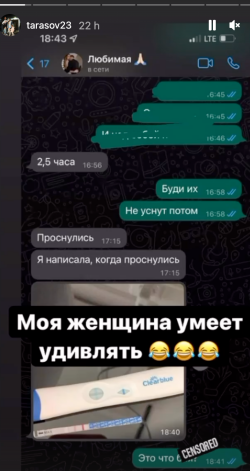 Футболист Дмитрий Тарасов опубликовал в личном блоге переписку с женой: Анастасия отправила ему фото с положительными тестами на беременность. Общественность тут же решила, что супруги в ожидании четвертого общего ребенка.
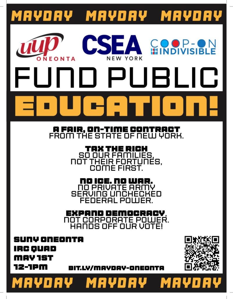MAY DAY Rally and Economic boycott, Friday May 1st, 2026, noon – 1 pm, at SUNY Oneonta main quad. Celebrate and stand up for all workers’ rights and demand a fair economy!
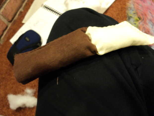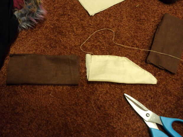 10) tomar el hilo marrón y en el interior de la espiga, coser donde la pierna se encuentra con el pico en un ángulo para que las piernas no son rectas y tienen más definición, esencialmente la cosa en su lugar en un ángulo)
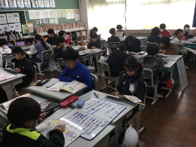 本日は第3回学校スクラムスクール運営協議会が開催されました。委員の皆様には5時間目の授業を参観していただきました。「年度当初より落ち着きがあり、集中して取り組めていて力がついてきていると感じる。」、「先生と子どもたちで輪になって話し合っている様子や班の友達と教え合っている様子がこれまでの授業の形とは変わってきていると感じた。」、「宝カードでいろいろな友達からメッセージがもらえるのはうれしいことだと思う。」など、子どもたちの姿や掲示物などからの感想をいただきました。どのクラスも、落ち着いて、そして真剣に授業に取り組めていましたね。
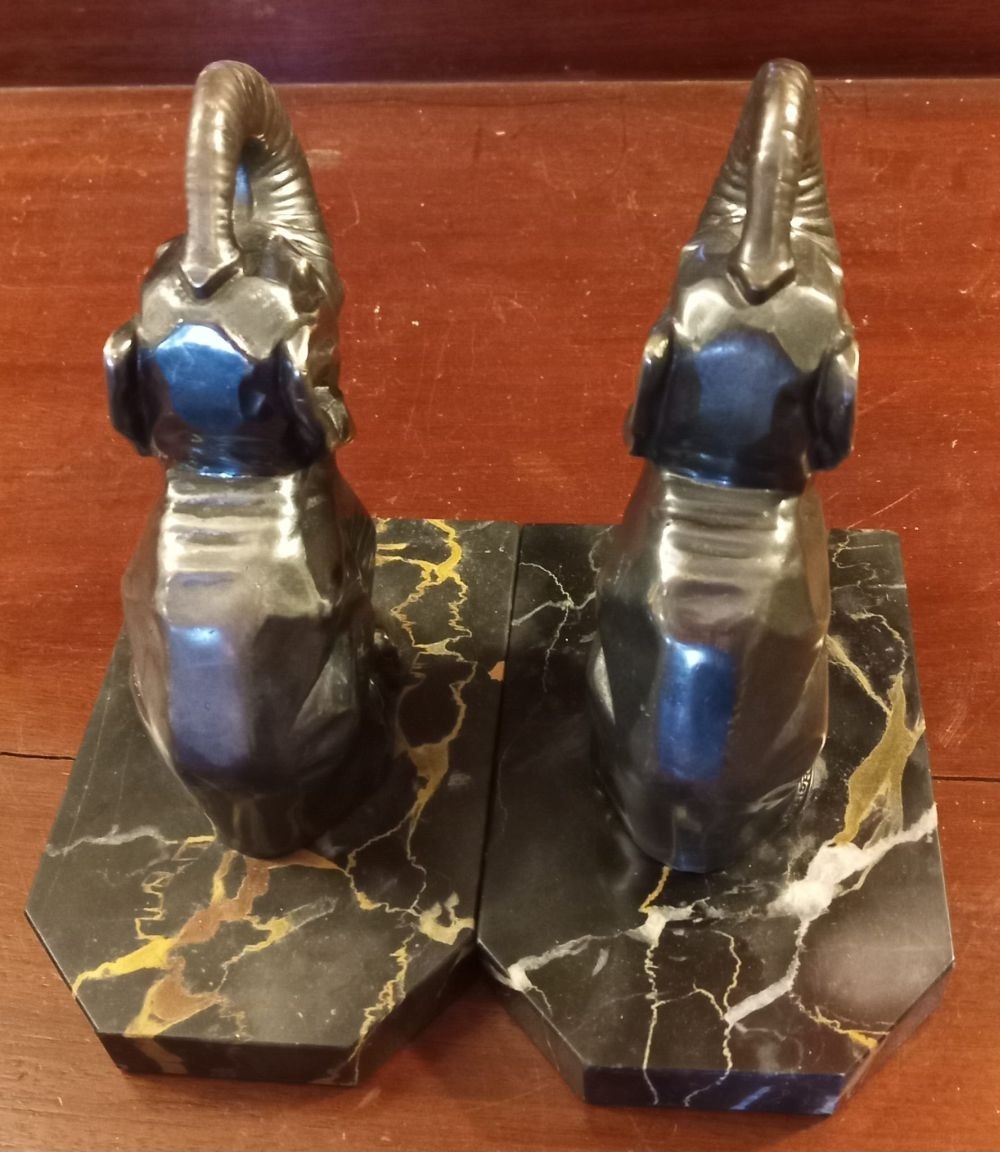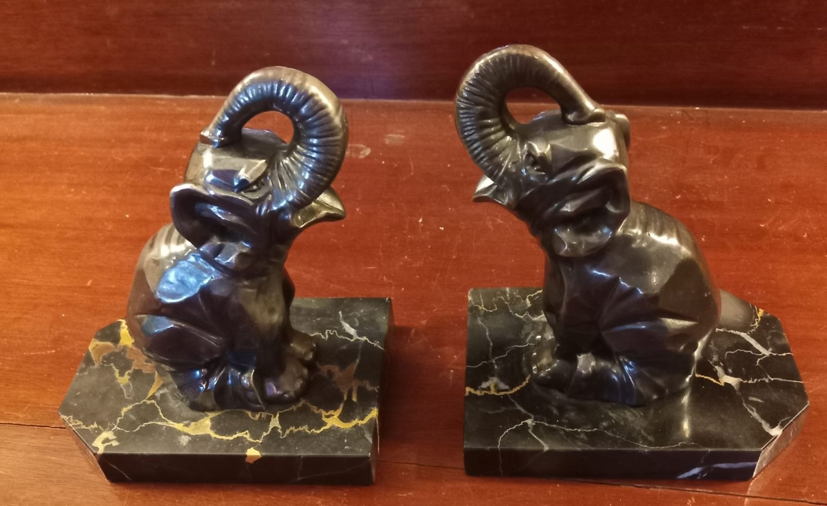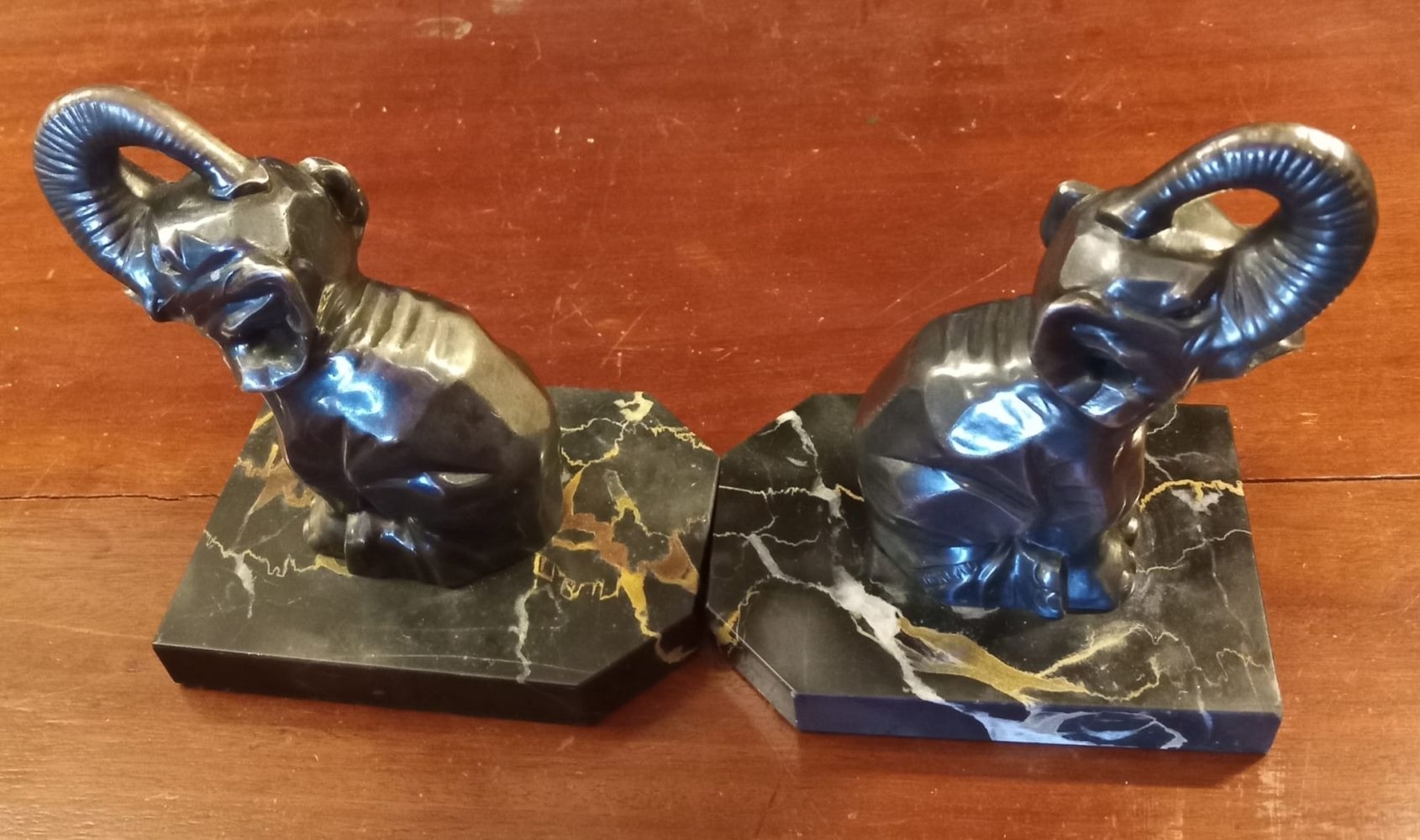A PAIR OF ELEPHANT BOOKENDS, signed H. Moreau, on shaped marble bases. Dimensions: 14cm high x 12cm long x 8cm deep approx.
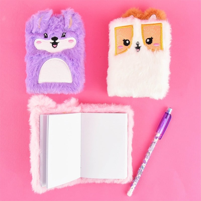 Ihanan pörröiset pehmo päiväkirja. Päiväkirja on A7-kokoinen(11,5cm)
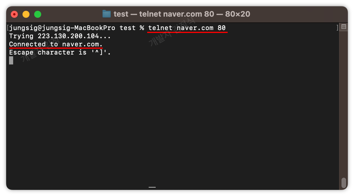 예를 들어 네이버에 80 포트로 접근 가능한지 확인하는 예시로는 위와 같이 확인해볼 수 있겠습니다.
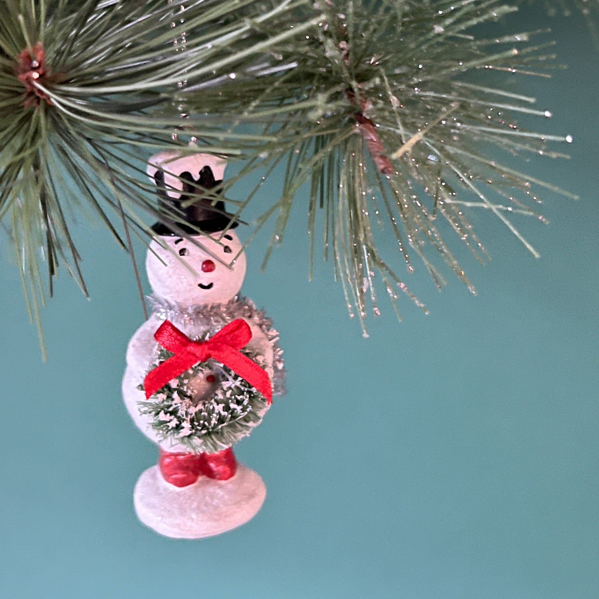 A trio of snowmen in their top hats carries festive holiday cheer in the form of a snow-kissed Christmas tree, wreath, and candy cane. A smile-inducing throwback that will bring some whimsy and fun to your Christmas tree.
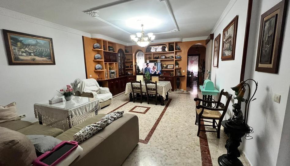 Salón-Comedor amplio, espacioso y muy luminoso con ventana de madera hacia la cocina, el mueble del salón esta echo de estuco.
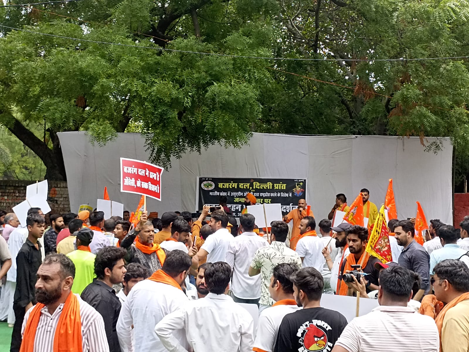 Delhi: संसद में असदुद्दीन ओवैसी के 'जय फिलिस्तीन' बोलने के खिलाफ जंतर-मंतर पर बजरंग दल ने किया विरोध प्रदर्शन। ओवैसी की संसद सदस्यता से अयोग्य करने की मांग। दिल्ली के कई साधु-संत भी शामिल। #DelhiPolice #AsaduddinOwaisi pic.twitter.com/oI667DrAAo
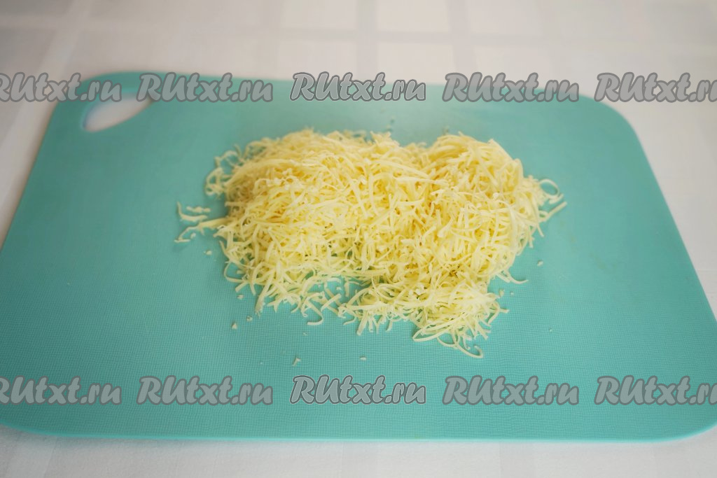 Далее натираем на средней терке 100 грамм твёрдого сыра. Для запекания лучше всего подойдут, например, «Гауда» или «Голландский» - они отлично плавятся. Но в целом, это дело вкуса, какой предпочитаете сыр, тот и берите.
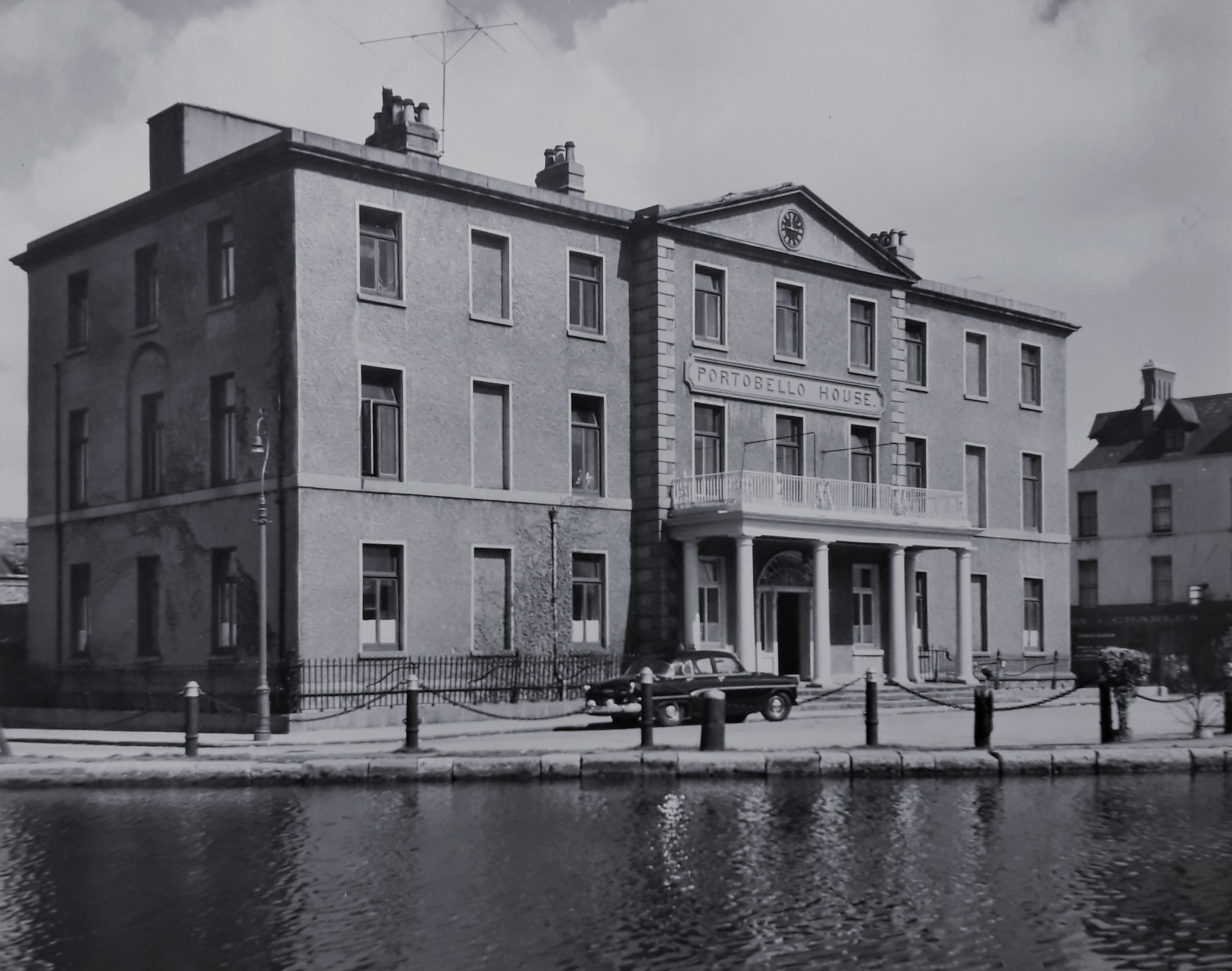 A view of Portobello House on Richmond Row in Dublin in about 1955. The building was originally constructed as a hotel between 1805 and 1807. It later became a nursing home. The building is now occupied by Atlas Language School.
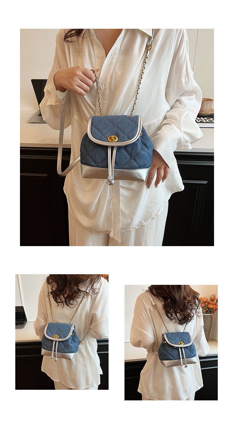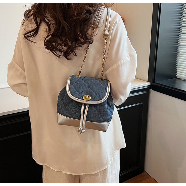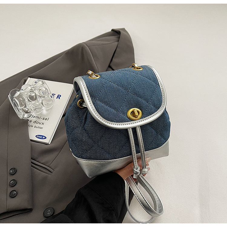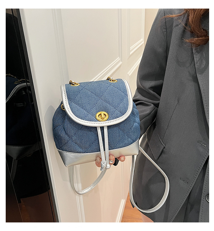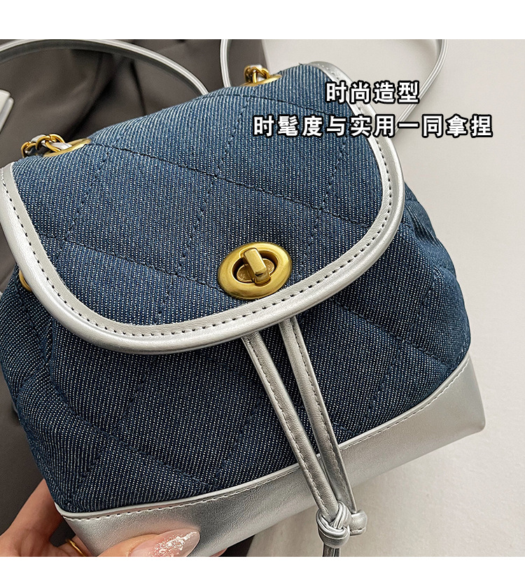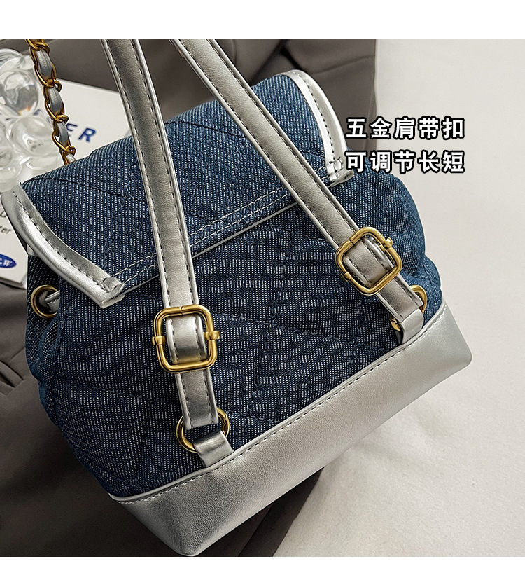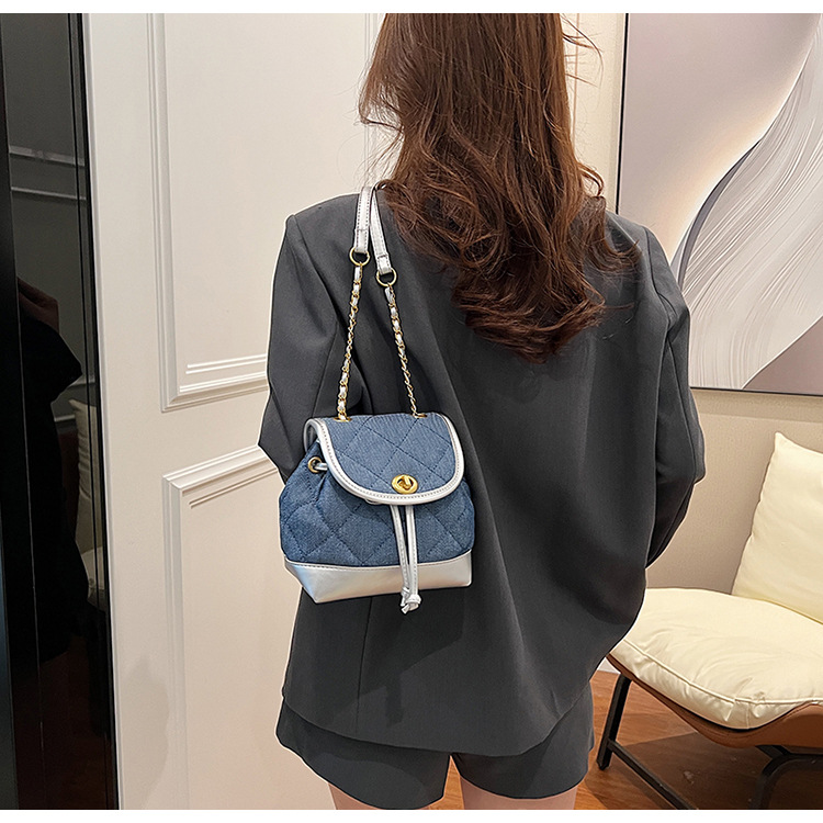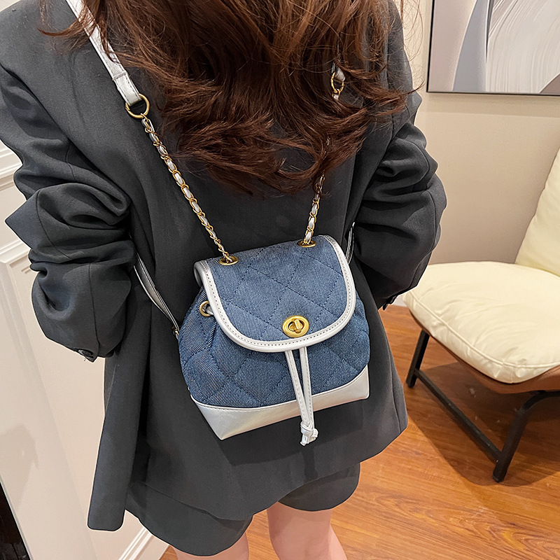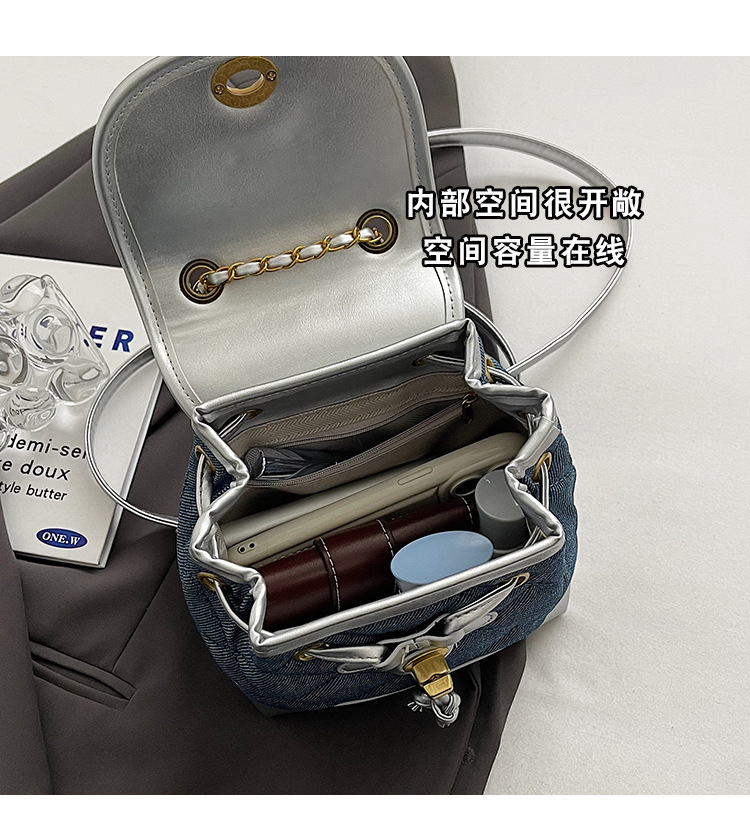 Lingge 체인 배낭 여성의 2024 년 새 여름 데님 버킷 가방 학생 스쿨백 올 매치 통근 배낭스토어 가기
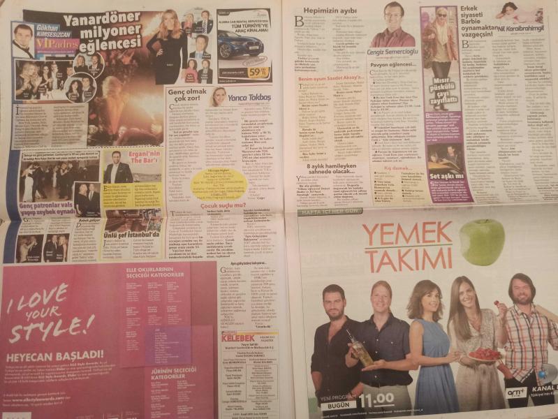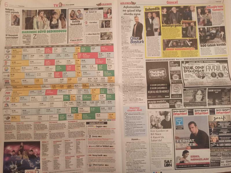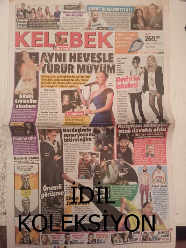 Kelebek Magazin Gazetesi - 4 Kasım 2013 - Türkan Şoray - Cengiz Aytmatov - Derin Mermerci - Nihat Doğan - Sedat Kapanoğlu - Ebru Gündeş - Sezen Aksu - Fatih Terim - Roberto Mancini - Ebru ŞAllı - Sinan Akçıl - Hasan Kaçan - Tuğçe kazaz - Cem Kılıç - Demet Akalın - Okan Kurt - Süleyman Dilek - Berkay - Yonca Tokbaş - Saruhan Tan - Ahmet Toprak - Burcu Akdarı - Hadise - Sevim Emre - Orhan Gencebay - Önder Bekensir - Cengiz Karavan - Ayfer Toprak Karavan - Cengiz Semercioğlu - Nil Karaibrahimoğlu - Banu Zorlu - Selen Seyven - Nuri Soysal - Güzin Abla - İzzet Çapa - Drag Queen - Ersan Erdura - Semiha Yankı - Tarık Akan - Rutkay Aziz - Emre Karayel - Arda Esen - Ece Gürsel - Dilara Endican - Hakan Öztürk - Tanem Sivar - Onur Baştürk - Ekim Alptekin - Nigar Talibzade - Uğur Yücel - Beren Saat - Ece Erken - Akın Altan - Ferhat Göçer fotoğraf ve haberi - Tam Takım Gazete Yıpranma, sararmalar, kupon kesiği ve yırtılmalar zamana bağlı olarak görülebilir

### YOUR OBJECTIVE
Your answer must be the lines above from the one holding "예를 들어 네이버에 80" up to and including the one holding "A trio of snowmen", exact and with no pictures.

### RESPONSE AREA
 예를 들어 네이버에 80 포트로 접근 가능한지 확인하는 예시로는 위와 같이 확인해볼 수 있겠습니다.
 A trio of snowmen in their top hats carries festive holiday cheer in the form of a snow-kissed Christmas tree, wreath, and candy cane. A smile-inducing throwback that will bring some whimsy and fun to your Christmas tree.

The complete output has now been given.